◆ Work to complete ◆
Look below for the line that contains "① JR横浜駅から東急新横浜駅へ", then copy it and each following line to the end of the records, minus any pictures.

***** Dataset *****

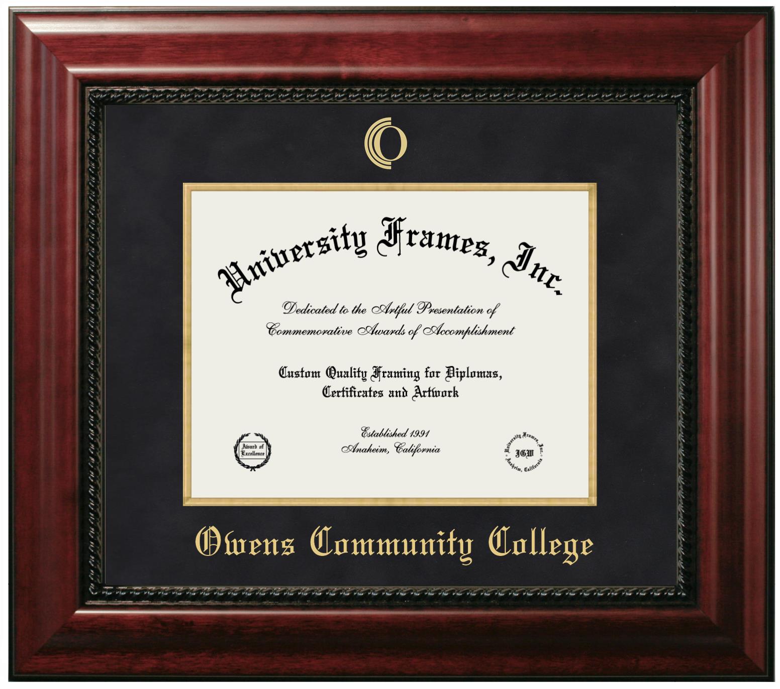 Are you a Owens Community College graduate looking for an officially licensed diploma frame to showcase your achievement? Or, are you looking for a unique graduation gift for a recent Owens Community College graduate or alum? You have come to the right place! Our officially licensed custom diploma frames have the original seal of Owens Community College. Each of our degree frames is handcrafted to offer the highest quality and precision. You can easily customize your graduation frames according to your style and preference. Start customizing your college diploma frame now!
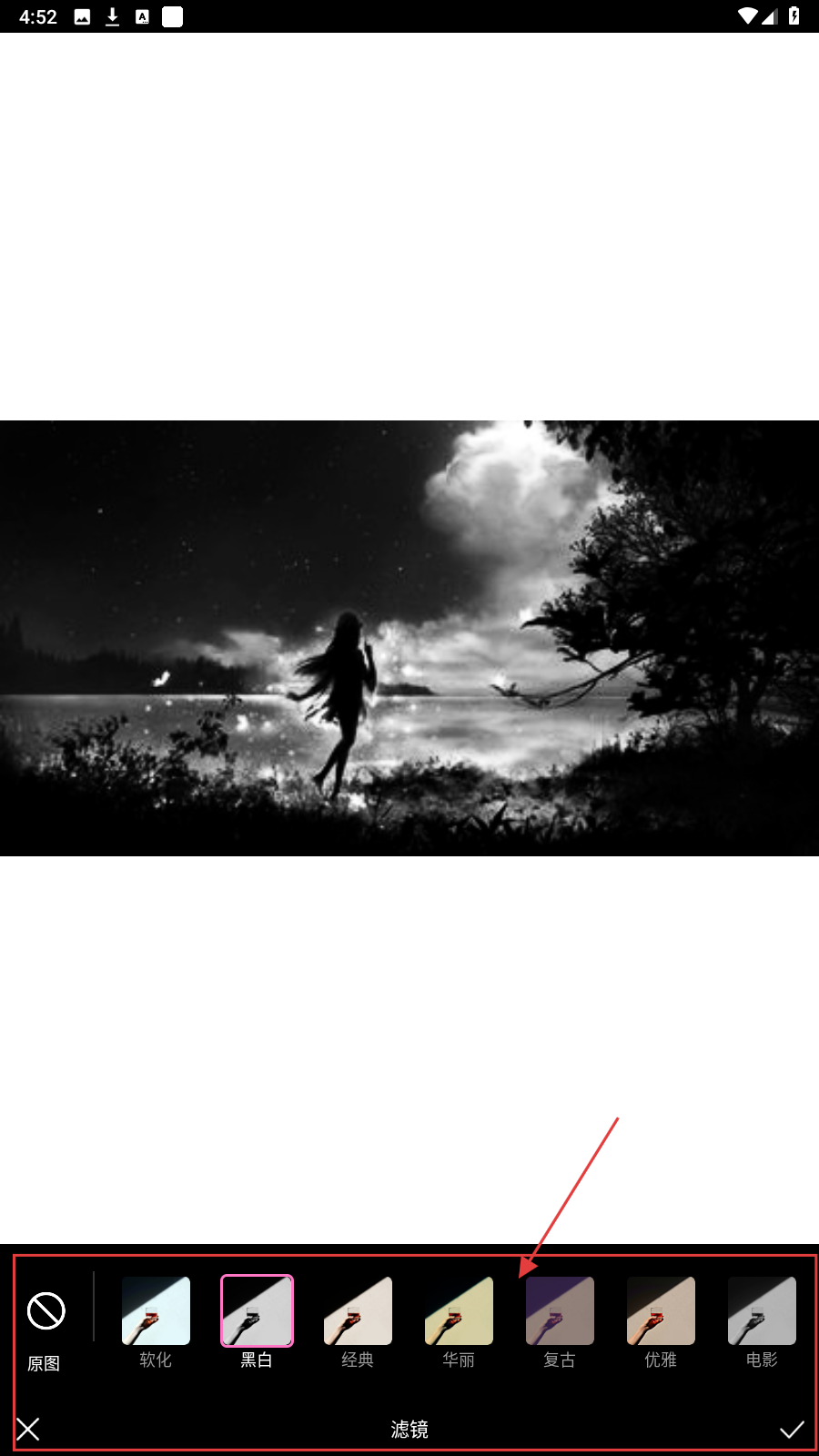 3、在滤镜选择页面,像【黑白】【经典】这类滤镜效果都有,可添加到图片上。
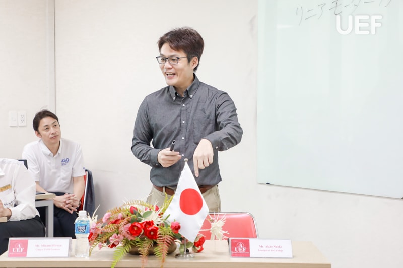 Attending the program were Dr. Vo Van Thanh Than - Director of Center of Vietnam-Japan Human Resources Development, Deputy Dean of the Faculty of Languages and International Cultures; Mr. Cao Do Quyen - Program Assistant, Japanese Language; Mr. Akao Naoki - Principal of the International Center - ASO College Group and Mr.Minami Hiroya - Director of Terakoya Company.
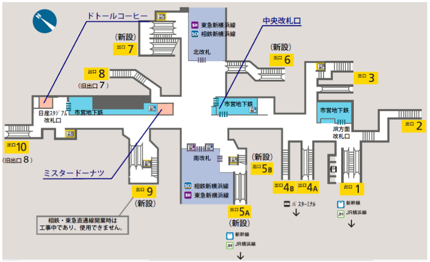 ① JR横浜駅から東急新横浜駅へ
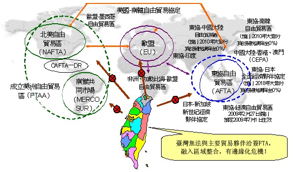 圖2說明了在WTO杜哈回合陷入僵局下,簽署貿易協議蔚為潮流,臺灣必須積極加入FTA,以避免被邊緣化。
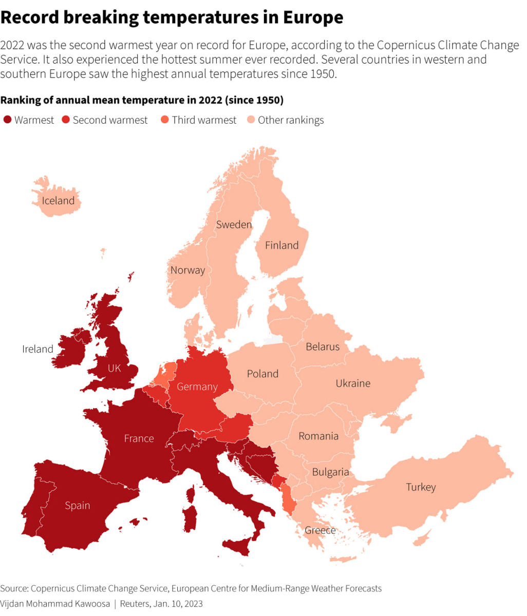 Цветом выделены страны в которых среднегодовая температура побила рекорды с 1950 года. Это самые бордовые. Красненькие - это второе место за этот период наблюдений. Ну и т.д.
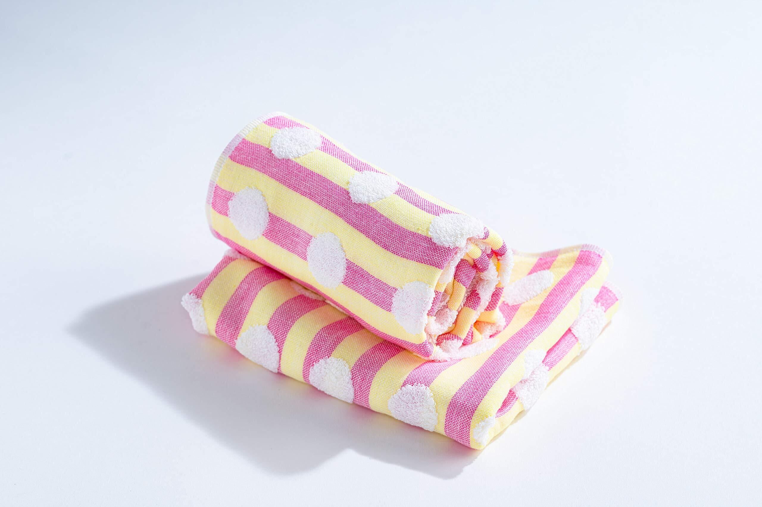 表面はガーゼ織り、裏面がパイル織りになっています。ドット部分のパイルが浮き出ており可愛らしいアクセントになっています。

*****

◆ Written answer ◆
 ① JR横浜駅から東急新横浜駅へ
 圖2說明了在WTO杜哈回合陷入僵局下,簽署貿易協議蔚為潮流,臺灣必須積極加入FTA,以避免被邊緣化。
 Цветом выделены страны в которых среднегодовая температура побила рекорды с 1950 года. Это самые бордовые. Красненькие - это второе место за этот период наблюдений. Ну и т.д.
 表面はガーゼ織り、裏面がパイル織りになっています。ドット部分のパイルが浮き出ており可愛らしいアクセントになっています。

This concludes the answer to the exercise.